Sadly, I think that’s exactly how the Obama camp thinks—or more accurately doesn’t think. Obama is not a dumb person, not by a longshot. But he doesn’t have a wide grasp of policy. He has an incisive legal mind, but when it comes to issues like taxes, foreign policy, trade, and other major issues, he’s utterly reliant on a cadre of advisors. That is not healthy for a President. A President needs good advisors, to be sure, but ultimately the job of President is the world’s toughest management job. Nothing in this document or anything else that Obama has done suggests that he has the management skills to be an effective President. A country can’t be lead by committee, it needs someone to provide leadership and direction. At least as far as space policy is concerned, Obama shows little leadership or direction.

To be fair, that doesn’t mean that Obama’s space plan is all bad. He says some of the right things. But he also is against the “weaponization” of space—something which has already begun and requires more than the typical feckless diplomatic overtures to contain.

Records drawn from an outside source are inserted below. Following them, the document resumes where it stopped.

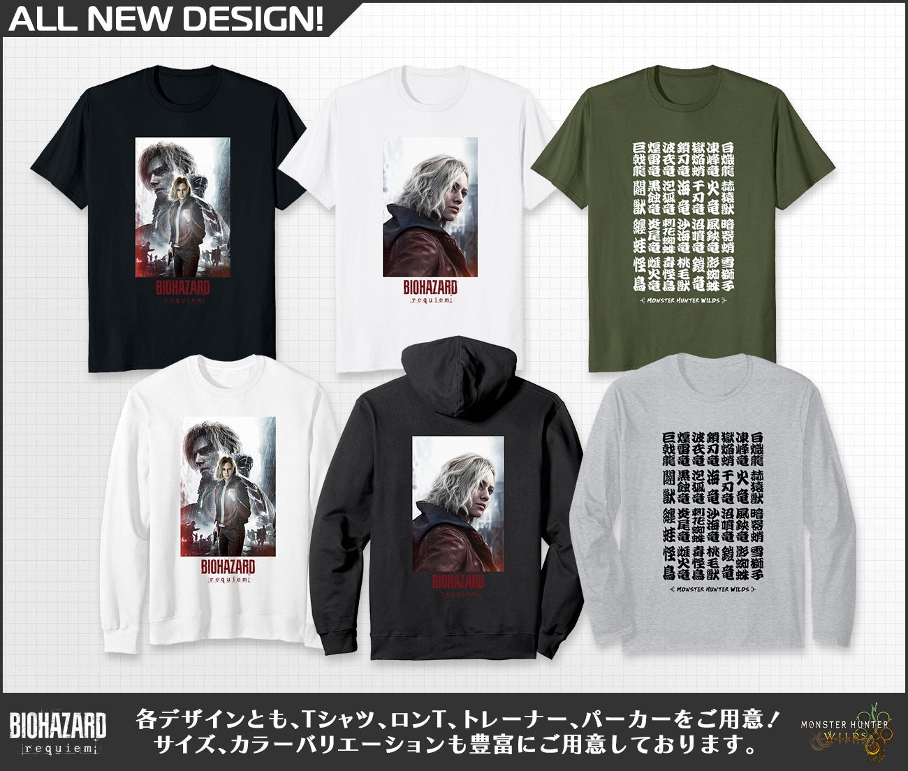 ついに発売となったシリーズ最新作『バイオハザード レクイエム』から2種類のアートを使用した新デザインと、発売から1年を迎える『モンスターハンターワイルズ』からモンスターの漢字名称がデザインされた新デザインが登場! 半袖Tシャツはもちろん、ロンT、トレーナー、パーカーのお好きなタイプからお選びいただける他、前面プリントと背面プリントをお選びいただけます。今すぐチェック!
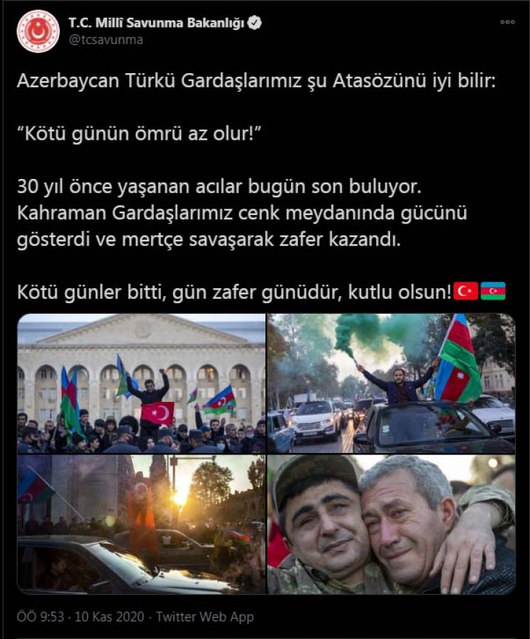 Bakanlığın Twitter hesabından yapılan açıklamada, "Azerbaycan Türkü gardaşlarımız şu atasözünü iyi bilir; 'Kötü günün ömrü az olur!' 30 yıl önce yaşanan acılar bugün son buluyor. Kahraman gardaşlarımız cenk meydanında gücünü gösterdi ve mertçe savaşarak zafer kazandı. Kötü günler bitti, gün zafer günüdür, kutlu olsun!" denildi.
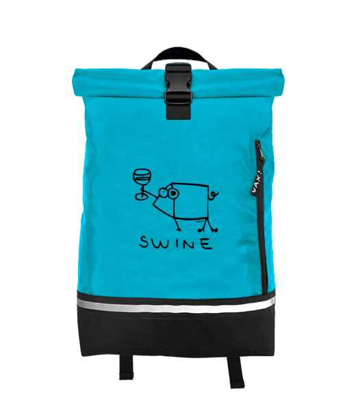 Original backpack ROLL-TOP SMALL with design 1323 SWINE in color BLUE ATOLL
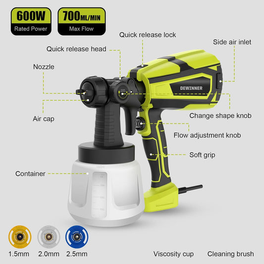 DEWINNER 600W Paint Spray Gun with 3 Spray Patterns, Electric Paint Gun with 1000ml Container, Paint Sprayer with 3 Nozzles (1.5/2.0/2.5mm) for Walls and Ceilings for DIY Decoration
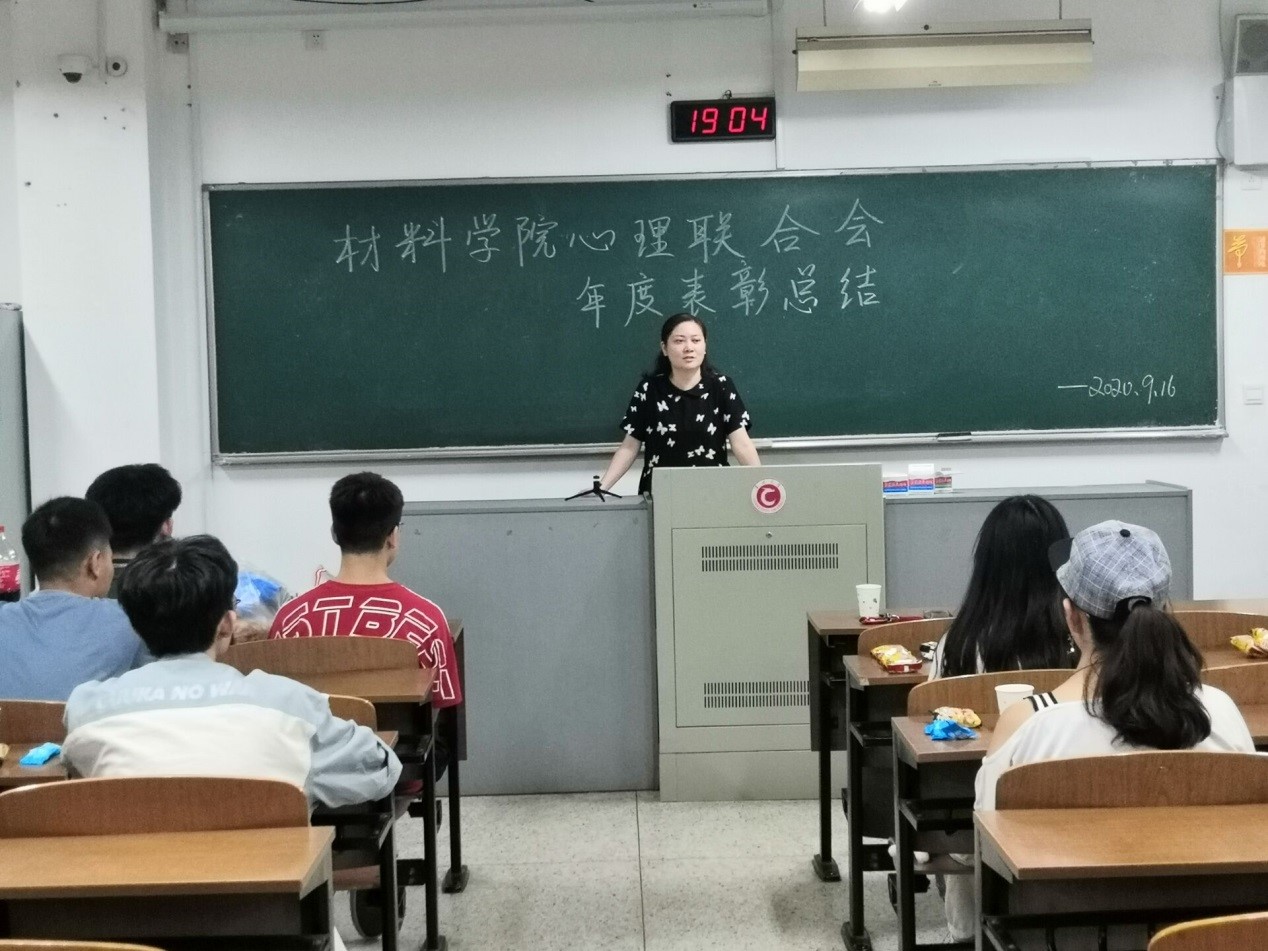 为加强材料学院心理建设、进一步深化心理工作常态,迎接2020年换届选举。材料学院心理联合会在2020年9月16日于辅楼W2109召开了年度总结表彰大会。此次大会由材料学院心理联合会宣传部部长王忠聿主持,材料学院心理专干王芳老师和心理联合会全体成员参加。 会议伊始,由王芳老师、会长陈周义和副会长刘珊对2019年心理协会的工作和举办的活动做了完整系统的总结,也对心理协会的未来发展做出要求与美好的展望。随后,由宣传部部长王忠聿对2019年获得优秀干部与干事心理联合会成员颁发奖状和奖品,这也是对他们在2019年心理联合会工作的最大肯定与期望。经过一学年的工作、活动以及王芳老师和正副会长的重重筛选,最后由王芳老师为入选材料学院心理联合会的2020级新部长们颁发聘书并合影留念。 此次大会是材料学院心理联合会对上一年度的总结,同时又是一个新的开始,也是对所以心理联合会成员最大的激励。通过此次会议,大大增强了部员们对心理联合会未来发展的信心,为材料学院心理工作迈上新台阶打下了坚实的基础!

He is for more international cooperation in space—which is all well and good except that tensions with Russia already could cripple us. He’s for accelerating the timeline for the Shuttle replacement—which is an absolute necessity.

What would a truly bold space policy be? How about a government sponsored X-Prize to truly foster space exploration? A policy that ditches the overcomplicated Ares/Contellation program and goes with the better-designed DIRECT 2.0 launch system?

Obama says the right things, especially with the idea of having a better connection between the Oval Office and NASA and other interested parties. The problem is that Obama clearly hasn’t thought his space policy through enough to come to any clear policy conclusions. Even where he says the right things, there’s no guarantee that he’ll really enact them. A document drafted by committee is not the same as a bold policy, and when it comes to the future of humanity’s exploration of space, Obama gives us precious little change that anyone can truly believe in.